Depreciation calculation = 200000-50000/20=7500

1 d) DEBIT: Depreciation Expense for $ 7500;CREDIT:Accumulated depreciation for $ 7500

2 d) DEBIT: Equipment for $17000; CREDIT: Cash for $ 17000

3b) To increase a revenue account you need to Credit the account

4 c) DEBIT: Cash for $ 500; CREDIT: Accounts Receivable for $ 500

5 d) DEBIT: Insurance Expense for $ 10000; CREDIT: Prepaid Insurance for $10000

Prepaid insurance for 4 years =40000

Yearly insurance =40000/4 =10000

6 a) DEBIT: Unearned Revenue for $6000; CREDIT: Revenue for $6000.

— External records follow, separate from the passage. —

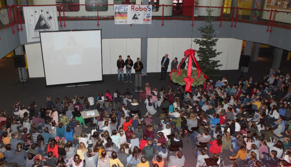 In einer außerordentlichen Schulversammlung ehrte das Hans-Furler-Gymnasium sein erfolgreiches WM-Roboter-Team. Die HFG RoboS errangen bei der WM der WRO in Thailand den hervorragenden 5. Platz. Das Team um Enzo Huber, Philippe Rendler und Lucas Romier erhielt aus den Händen von Bürgermeister Christoph Lipps und Schulleiter Peter Bechtold im PZ Präsente zur Anerkennung der großartigen Leistung.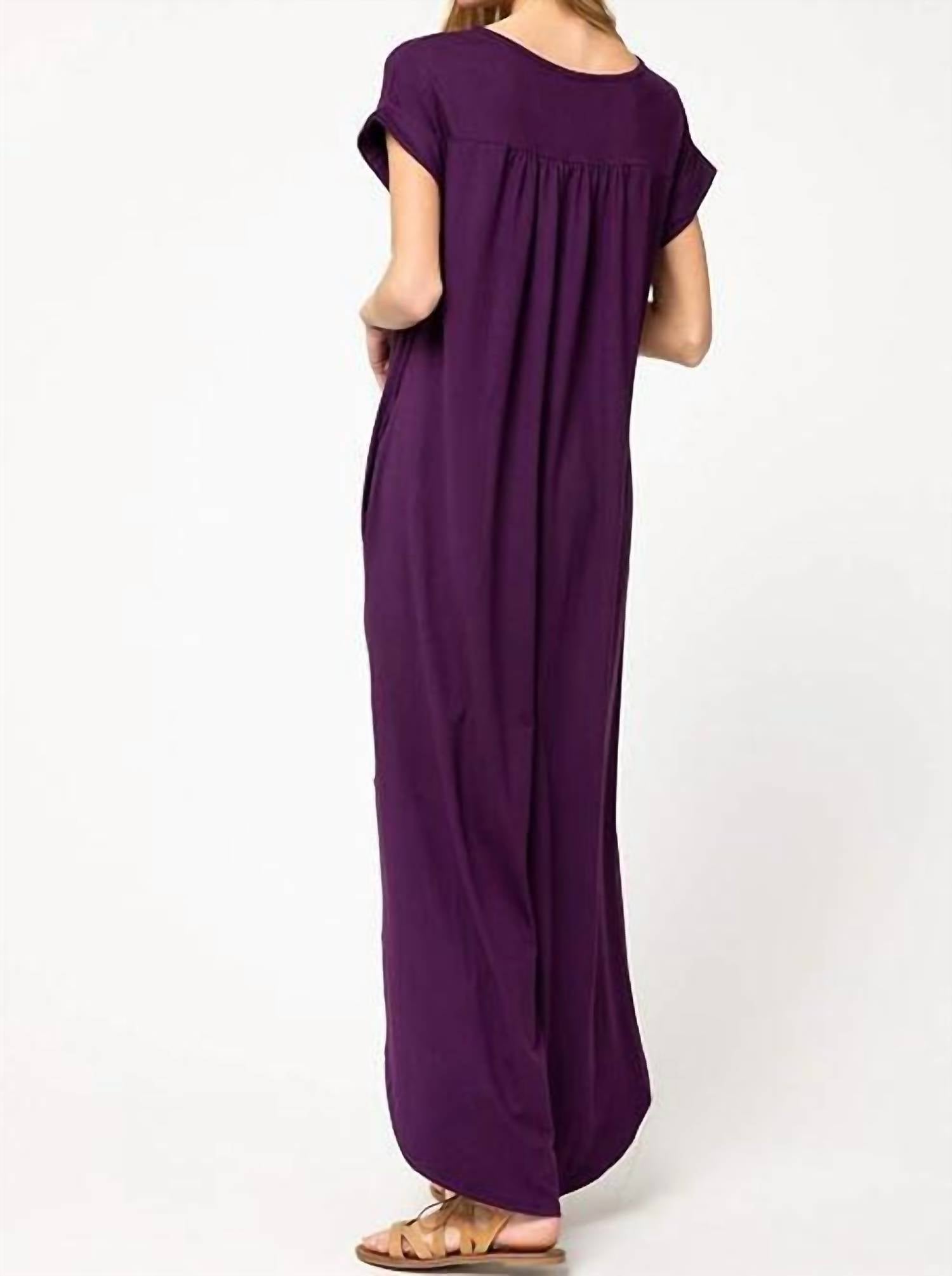 Embrace style and comfort with the Curvy Exclusive Knit Maxi Dress by Entro, available in a rich Plum hue. Featuring short rolled sleeves and a flattering V-neckline, this dress is crafted from 94% polyester and 6% spandex for a comfortable fit. The pull-on design adds to its ease of wear, while side pockets help with convenience. Made for the modern woman, this maxi dress is ideal for spring, providing a comfortable, relaxed silhouette. Care: Hand wash cold, line dry. Model wears size XL and stands at 5'9".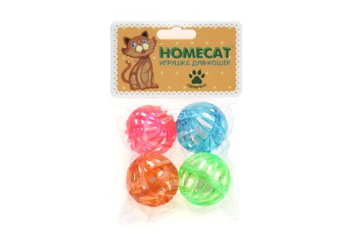 Homecat Игрушка Хоумкэт для кошек Мячи пластиковые калейдоскоп с колокольчиком 1 х 4шт Ф 4 см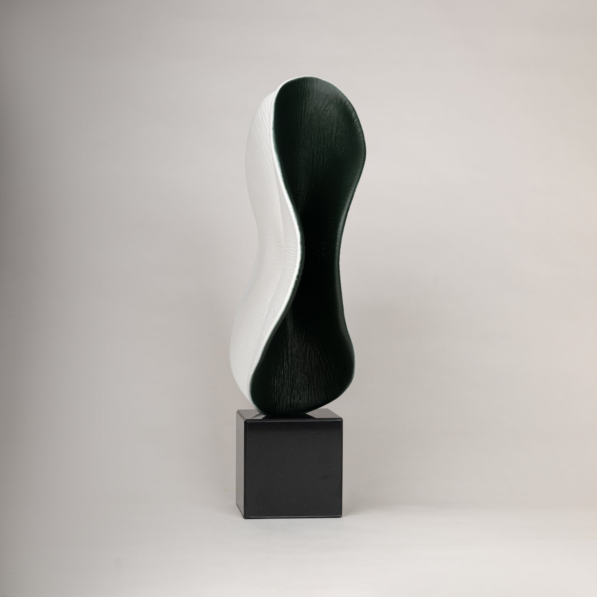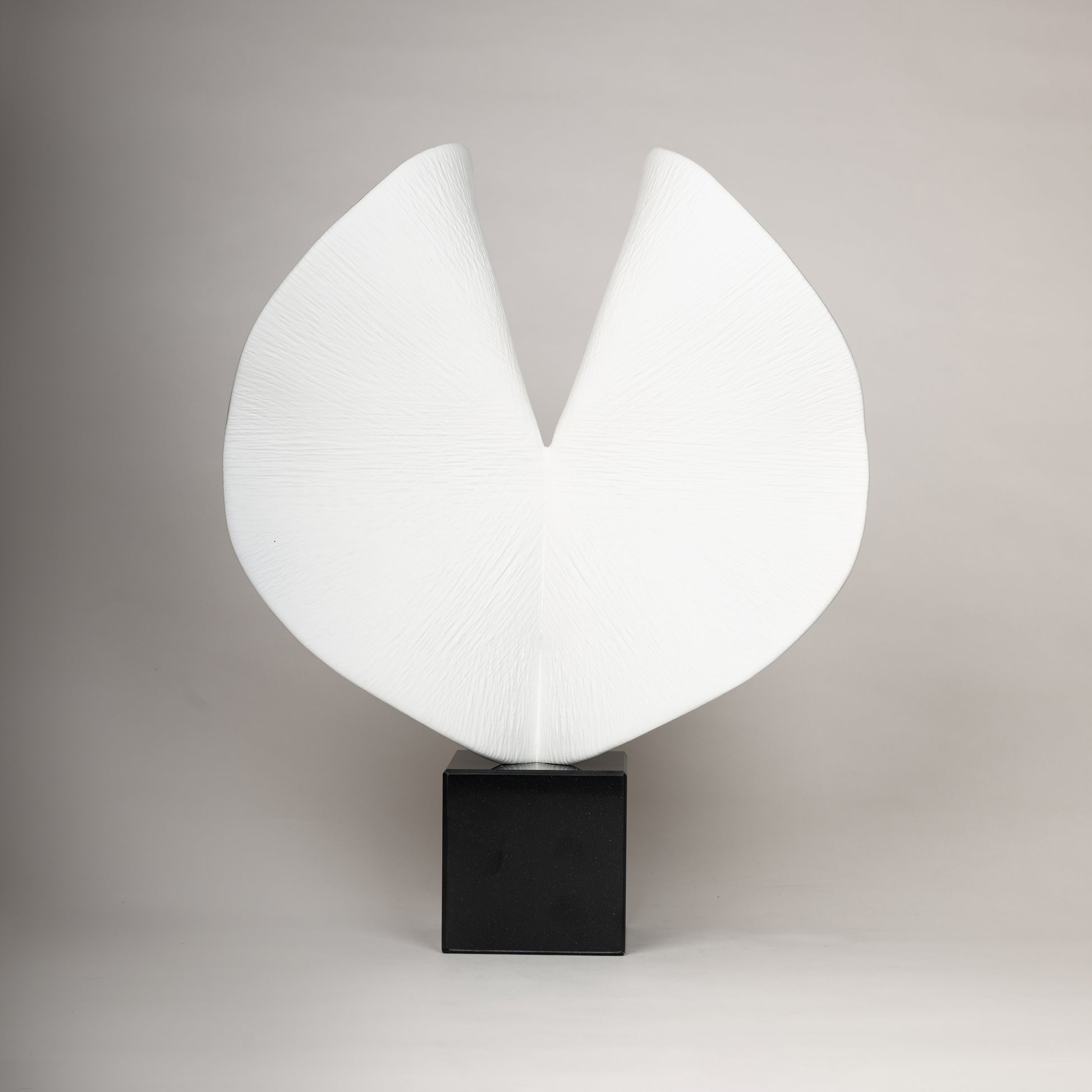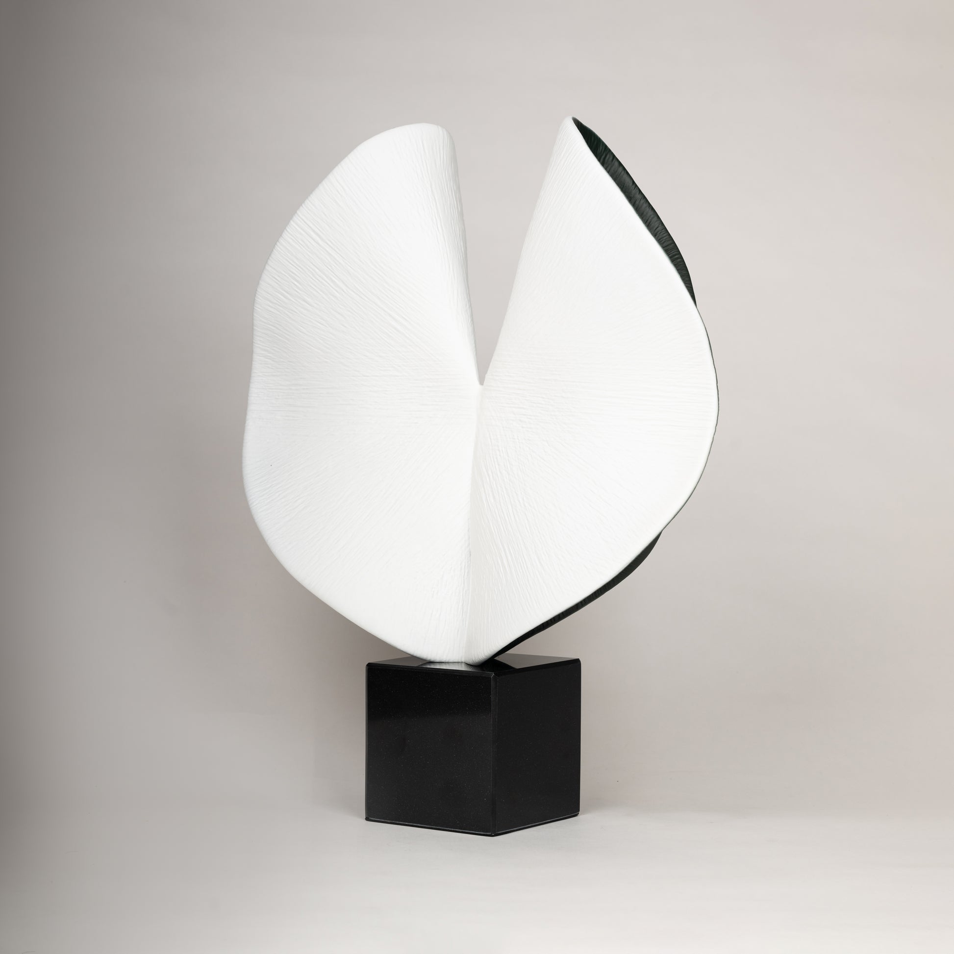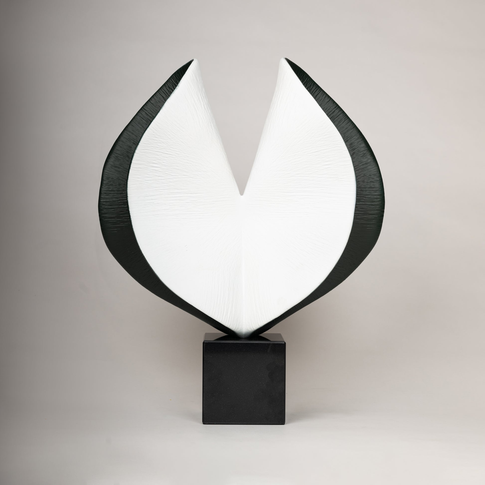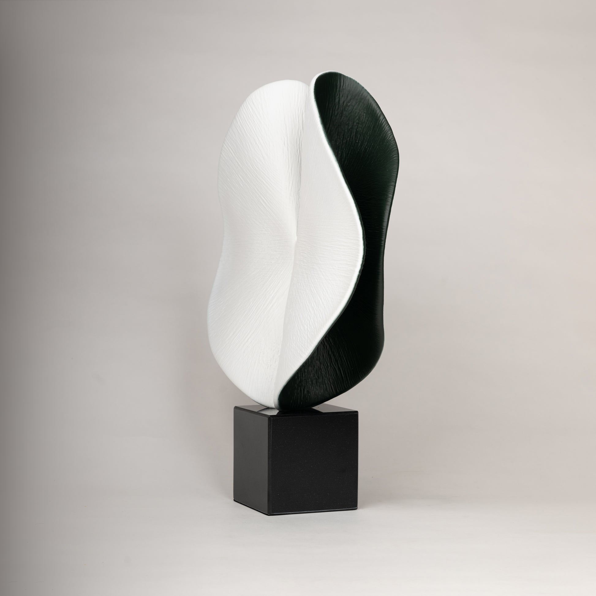 The Abstract Blooming Petal Sculpture is a captivating fusion of organic beauty and modern design. Inspired by the delicate unfolding of petals, this sculptural piece features a striking contrast of black and white, emphasizing its elegant curves and textural details. Mounted on a solid black base, its symmetrical yet fluid form evokes a sense of movement and balance, making it a perfect statement piece for contemporary interiors, galleries, or luxurious office spaces.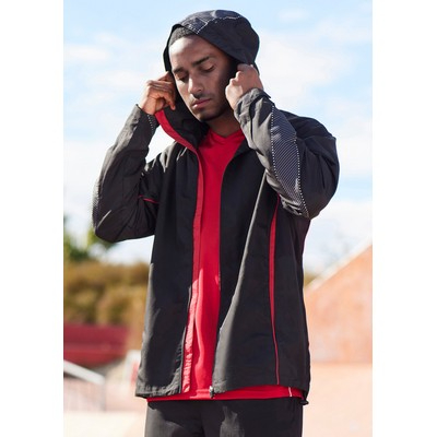 Features: Grid mesh underarm panels for breathability. Stow-away hood with print feature. Unique sleeve print feature with adjustable cuff fasteners. 2 Side zippered pockets. Contrast panels, piping and inside placket.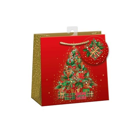 Luxusní vánoční papírová dárková taška LUX s originálním designem na víno nebo šampaňské.* pro rychlé a praktické zabalení* kvalita zpracování zaručuje dostatečnou pevnost proti protržení dna nebo odtržení oušek* na tašce je průsvitné ouško, které slouží k uchchycení tašky na prodejnom stojanu. Po zakoupení je možné ho jednoduše odstřihnout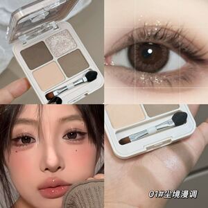 黑胶唱片四色眼影盘哑光珠光闪粉裸妆大地色学生平价彩妆初学者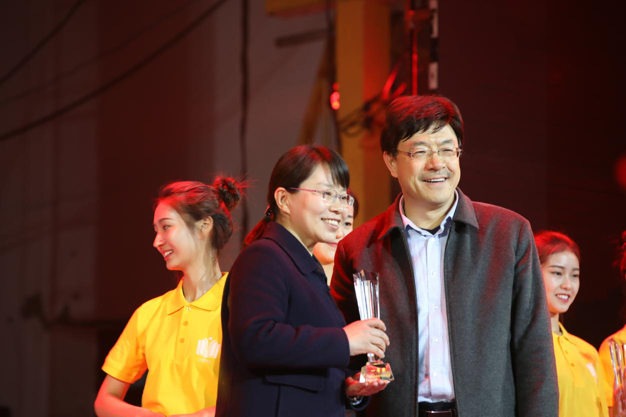 365官网工会主席成芳参加了展演活动,学生处处长孙勇作为365官网代表上台领奖。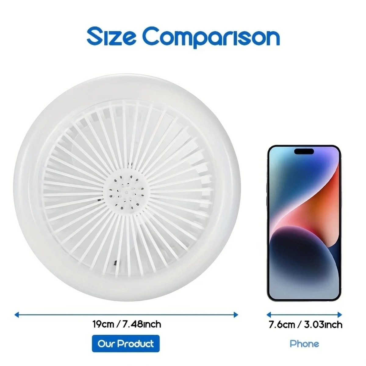 Розумний стельовий вентилятор з підсвіткою та пультом дистанційного керування - 30W LED, 3 швидкості, з регулятором температури, E26/E27 гніздо. Колір світла білий, підходить для спальні, кухні, комори.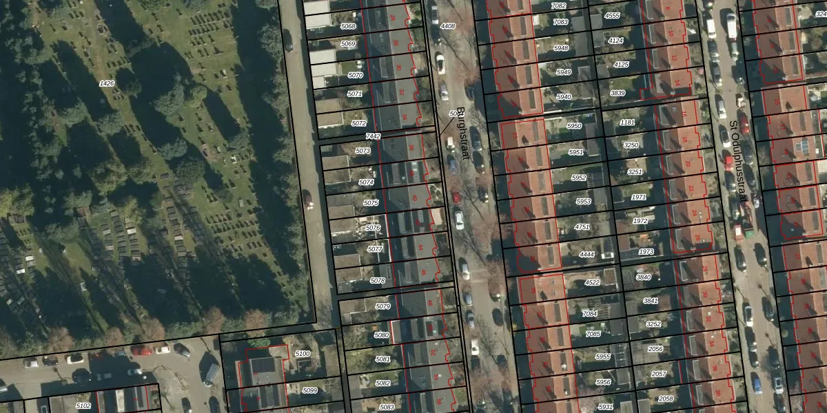 Burghstraat 40 is gelegen op kadastraal perceel STM00E5075. Deze kadastrale aanduiding is uniek en wordt gebruikt door het Kadaster om eigendomsrechten en andere zakelijke rechten vast te leggen. Het perceel maakt onderdeel uit van de kadastrale gemeente Stratum.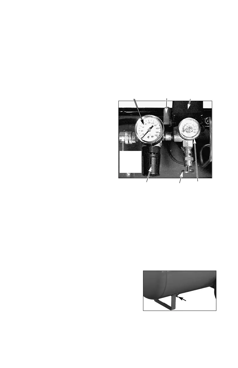 Régulateur : Le régulateur contrôle la pression d'air indiqué sur le manomètre de sortie.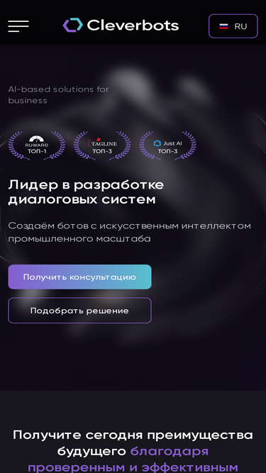 88%Cleverbots - лидер в разработке диалоговых систем ➔ Чат-боты, компьютерное зрение, анализ данных, речевые технологии для Enterprise ➔ info@cleverbots.ru.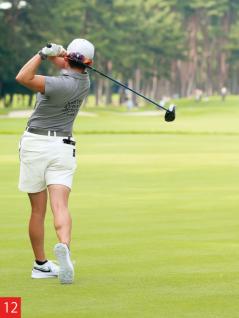 もう1つ、ヘッドスピードを上げるポイントが手元(グリップ部分)の動きです。アマチュアはインパクトの瞬間に手元が最下点になるタイプが多いのですが、明愛選手はインパクトの手前(写真7)で手元が最も低くなっています。そこからインパクトにかけては手元が上がっていく軌道になるので、ヘッドが加速しています。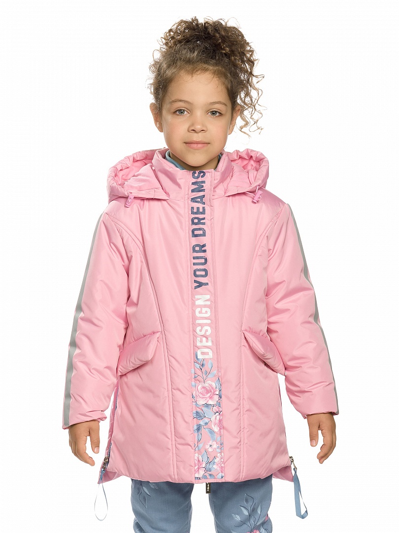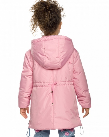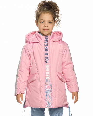 Куртка для девочек. Рекомендуемый температурный режим: не ниже -15°С. Осенняя удлиненная куртка-парка на синтепоне. Двухшовный неотстегивающийся капюшон с регулировкой объема. Воротник изнутри отделан рибаной. Курточная ткань с двусторонним водоотталкивающим покрытием. Широкая ветрозащитная планка с принтом. По спинке имитация кокетки, с утяжкой на декоративный шнурок. В боковых швах расположены функциональные застежки-молнии с пуллерами из тесьмы. Боковые карманы с объемными клапанами. Внутренняя манжета по низу рукава из рибаны. Световозвращающие элементы. Состав: 100%полиэстер, подклад: 60%хлопок 40%полиэстер, подклад рукавов: 100%полиэстер, утеплитель: 100%полиэстер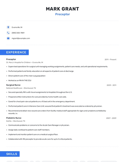 Build a professional preceptor resume in minutes. Browse through our resume examples to identify the best way to word your resume. Then choose from 5+ resume templates to create your preceptor resume.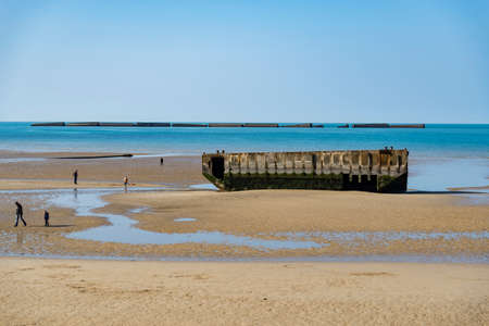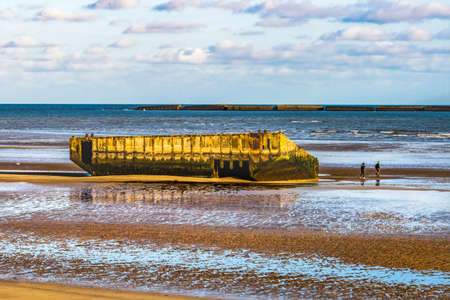 Old Ramp Beach World War 2 Mulberry Harbor Artificial Port Arromanches-les-Bains Normandy France. Through Beach and Ramp 104,000 tons miltiary supplies in six days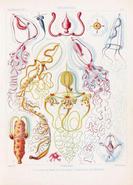 在 19 世纪的德国,海克尔是位家喻户晓的人物。他是名杰出的生物学家,曾将达尔文的进化论引入德国,并在其基础上不断完善人类的进化论理论,还引入了“生态学”、“门”等在如今生物学中被普遍应用的术语。而绘制插画,是他辅助个人科学研究的一个手段。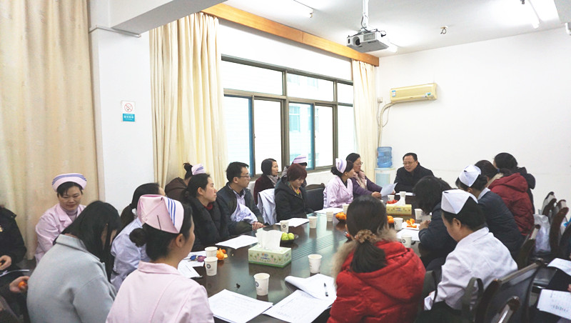 毛平主任代表护理教研室针对湘雅护理学院实习带教情况及学生综合表现进行了汇报;护理部丁四清主任对检查专家表示欢迎,请专家就考核中发现的问题进行反馈与指导。唐四元院长对护理教研室与护理部对湘雅护理学院教学工作的支持表示感谢。他指出,在2017年12月教育部学位与研究生教育发展中心正式发布的全国第四轮一级学科整体水平评估结果中,59所具有护理学一级学科博士或硕士授权的参评高校里,中南大学护理学获评A+,位居学科排名第一档(前2%);该成绩的取得也离不开各附属医院护理人员的心血与智慧。湘雅三医院的护理临床教学与护理科研近年来都获得显著成绩,得到同学们的喜爱与肯定。唐院长也指出中期考核的目的在检查学生的实习情况,是检验学院及医院老师教学水平的重要手段,要求考核老师及时发现问题、收集意见,实现理论与临床的有效结合。

Completed work =18000*1/3=6000

7 b) To decrease an Asset account you need to Credit the Account.

8 c) DEBIT: Dividends for $ 12000; CREDIT: Dividend Payable for $ 12000

Dividend declared =8000*1.5=12000

9 d) DEBIT: Dividend Payable for $ 2000; CREDIT: Cash for $ 2000.

10 d) DEBIT: Wage Expense for $ 6800; CREDIT: Wages Payable for $ 6800.